### What is expected
Print the lines exactly. Start at the first line of the material below, end with the line that contains "Οπως αναφέρει ο", and skip all pictures.
Content starts
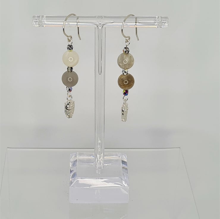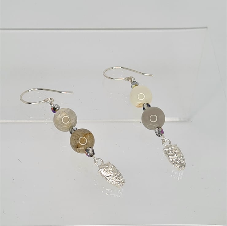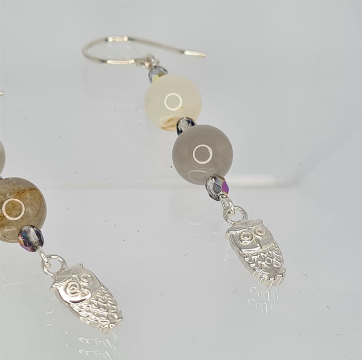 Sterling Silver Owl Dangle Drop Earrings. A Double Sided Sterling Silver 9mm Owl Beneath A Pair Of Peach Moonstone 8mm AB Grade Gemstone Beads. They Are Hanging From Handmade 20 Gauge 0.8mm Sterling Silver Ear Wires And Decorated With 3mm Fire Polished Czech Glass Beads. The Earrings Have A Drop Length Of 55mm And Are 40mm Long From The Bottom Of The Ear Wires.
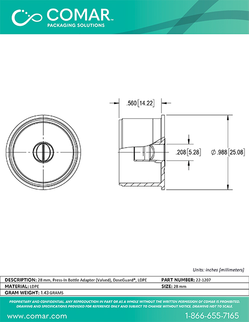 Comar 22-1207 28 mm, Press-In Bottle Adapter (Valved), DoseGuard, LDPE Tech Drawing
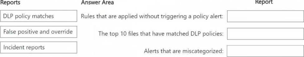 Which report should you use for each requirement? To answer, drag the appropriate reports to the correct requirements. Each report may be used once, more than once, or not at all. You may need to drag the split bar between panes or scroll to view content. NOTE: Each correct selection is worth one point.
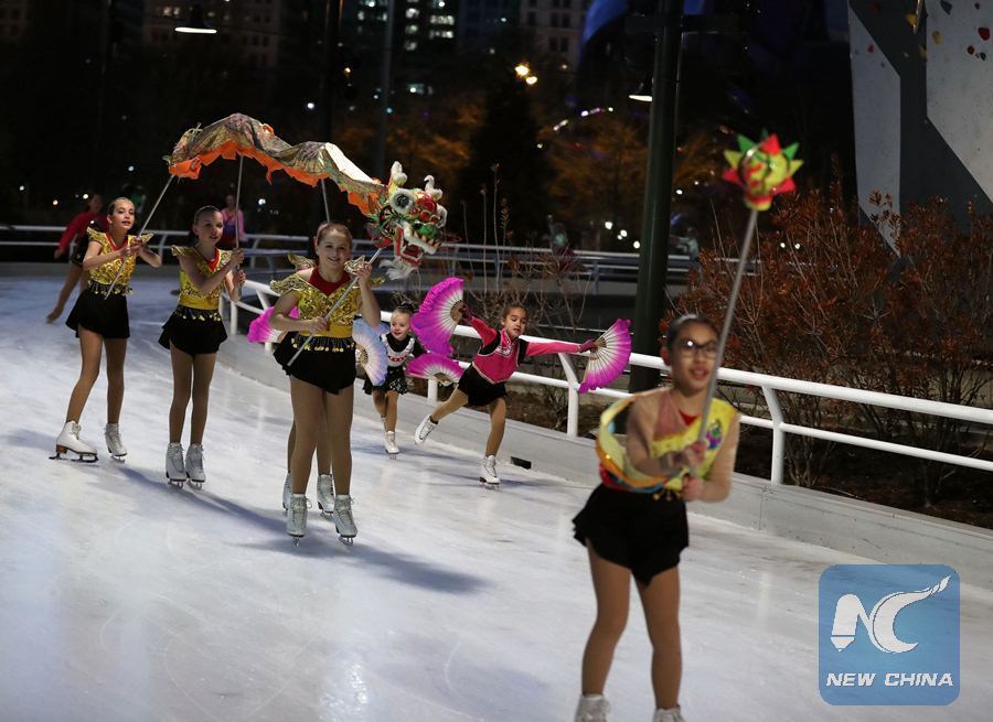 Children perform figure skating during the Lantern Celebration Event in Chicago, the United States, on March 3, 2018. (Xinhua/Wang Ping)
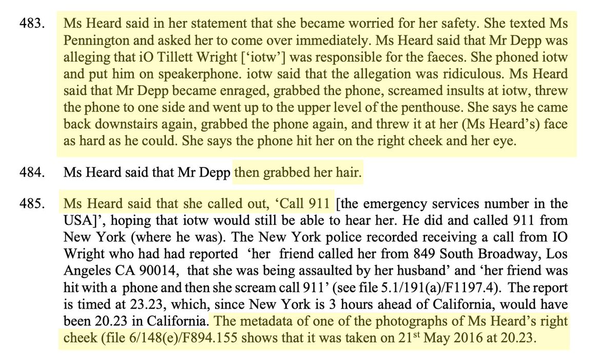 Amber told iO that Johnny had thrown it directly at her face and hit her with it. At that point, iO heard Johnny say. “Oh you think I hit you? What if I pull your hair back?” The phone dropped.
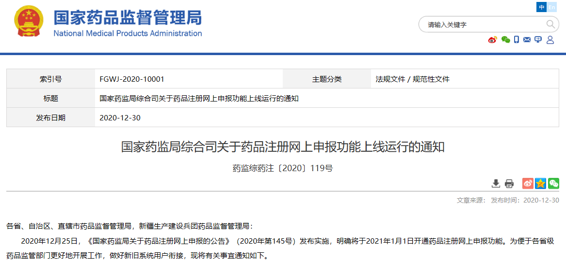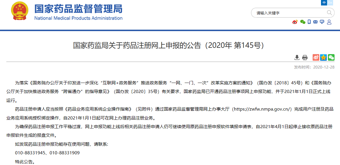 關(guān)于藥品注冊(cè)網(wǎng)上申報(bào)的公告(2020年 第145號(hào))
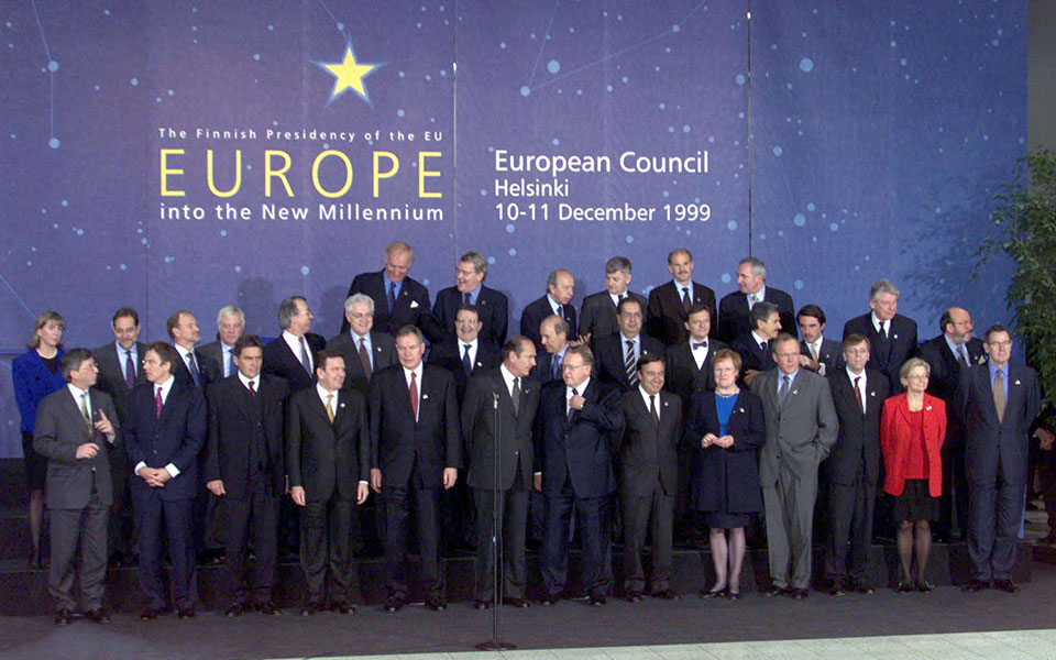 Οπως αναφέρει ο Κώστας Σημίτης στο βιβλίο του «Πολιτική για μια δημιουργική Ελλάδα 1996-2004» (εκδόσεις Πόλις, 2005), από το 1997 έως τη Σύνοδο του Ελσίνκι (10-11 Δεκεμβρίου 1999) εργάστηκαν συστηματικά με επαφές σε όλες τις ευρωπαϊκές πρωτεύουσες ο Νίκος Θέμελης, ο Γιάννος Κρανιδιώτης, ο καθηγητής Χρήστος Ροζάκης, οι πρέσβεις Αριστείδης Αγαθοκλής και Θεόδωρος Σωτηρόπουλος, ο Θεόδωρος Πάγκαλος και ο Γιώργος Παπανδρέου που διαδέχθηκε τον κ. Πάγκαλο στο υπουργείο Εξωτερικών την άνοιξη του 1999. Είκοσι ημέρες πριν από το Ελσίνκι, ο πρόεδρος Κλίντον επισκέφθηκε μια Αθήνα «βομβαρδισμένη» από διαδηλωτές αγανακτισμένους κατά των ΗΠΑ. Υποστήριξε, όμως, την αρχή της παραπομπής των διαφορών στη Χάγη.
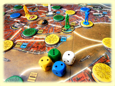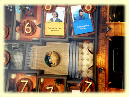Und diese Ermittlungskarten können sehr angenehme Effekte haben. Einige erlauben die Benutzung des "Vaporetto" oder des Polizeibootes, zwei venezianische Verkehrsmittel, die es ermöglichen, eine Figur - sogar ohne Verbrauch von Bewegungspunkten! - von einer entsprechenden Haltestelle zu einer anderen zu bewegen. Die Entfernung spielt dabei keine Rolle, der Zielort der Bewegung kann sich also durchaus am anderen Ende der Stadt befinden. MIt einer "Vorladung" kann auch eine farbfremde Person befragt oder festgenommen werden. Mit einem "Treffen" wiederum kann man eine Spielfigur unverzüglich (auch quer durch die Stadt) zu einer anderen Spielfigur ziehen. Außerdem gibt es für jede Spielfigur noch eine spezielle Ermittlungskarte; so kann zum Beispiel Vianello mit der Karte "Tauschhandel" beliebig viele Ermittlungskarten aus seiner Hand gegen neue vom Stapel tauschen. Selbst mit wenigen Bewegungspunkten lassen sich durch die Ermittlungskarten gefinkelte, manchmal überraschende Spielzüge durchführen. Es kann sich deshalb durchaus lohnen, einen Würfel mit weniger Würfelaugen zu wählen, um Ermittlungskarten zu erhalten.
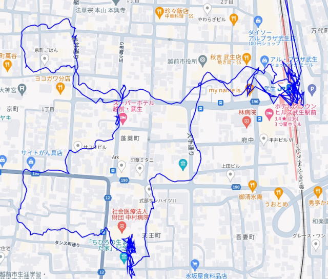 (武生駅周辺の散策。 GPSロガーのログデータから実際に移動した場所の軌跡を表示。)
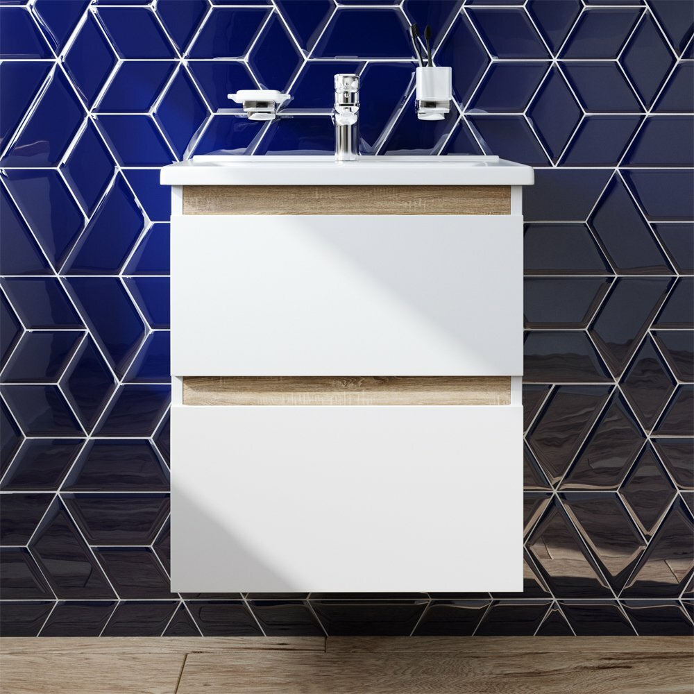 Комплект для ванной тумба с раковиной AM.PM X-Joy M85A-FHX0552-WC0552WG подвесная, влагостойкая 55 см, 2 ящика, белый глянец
Content ends
### Expected answer
 Sterling Silver Owl Dangle Drop Earrings. A Double Sided Sterling Silver 9mm Owl Beneath A Pair Of Peach Moonstone 8mm AB Grade Gemstone Beads. They Are Hanging From Handmade 20 Gauge 0.8mm Sterling Silver Ear Wires And Decorated With 3mm Fire Polished Czech Glass Beads. The Earrings Have A Drop Length Of 55mm And Are 40mm Long From The Bottom Of The Ear Wires.
 Comar 22-1207 28 mm, Press-In Bottle Adapter (Valved), DoseGuard, LDPE Tech Drawing
 Which report should you use for each requirement? To answer, drag the appropriate reports to the correct requirements. Each report may be used once, more than once, or not at all. You may need to drag the split bar between panes or scroll to view content. NOTE: Each correct selection is worth one point.
 Children perform figure skating during the Lantern Celebration Event in Chicago, the United States, on March 3, 2018. (Xinhua/Wang Ping)
 Amber told iO that Johnny had thrown it directly at her face and hit her with it. At that point, iO heard Johnny say. “Oh you think I hit you? What if I pull your hair back?” The phone dropped.
 關(guān)于藥品注冊(cè)網(wǎng)上申報(bào)的公告(2020年 第145號(hào))
 Οπως αναφέρει ο Κώστας Σημίτης στο βιβλίο του «Πολιτική για μια δημιουργική Ελλάδα 1996-2004» (εκδόσεις Πόλις, 2005), από το 1997 έως τη Σύνοδο του Ελσίνκι (10-11 Δεκεμβρίου 1999) εργάστηκαν συστηματικά με επαφές σε όλες τις ευρωπαϊκές πρωτεύουσες ο Νίκος Θέμελης, ο Γιάννος Κρανιδιώτης, ο καθηγητής Χρήστος Ροζάκης, οι πρέσβεις Αριστείδης Αγαθοκλής και Θεόδωρος Σωτηρόπουλος, ο Θεόδωρος Πάγκαλος και ο Γιώργος Παπανδρέου που διαδέχθηκε τον κ. Πάγκαλο στο υπουργείο Εξωτερικών την άνοιξη του 1999. Είκοσι ημέρες πριν από το Ελσίνκι, ο πρόεδρος Κλίντον επισκέφθηκε μια Αθήνα «βομβαρδισμένη» από διαδηλωτές αγανακτισμένους κατά των ΗΠΑ. Υποστήριξε, όμως, την αρχή της παραπομπής των διαφορών στη Χάγη.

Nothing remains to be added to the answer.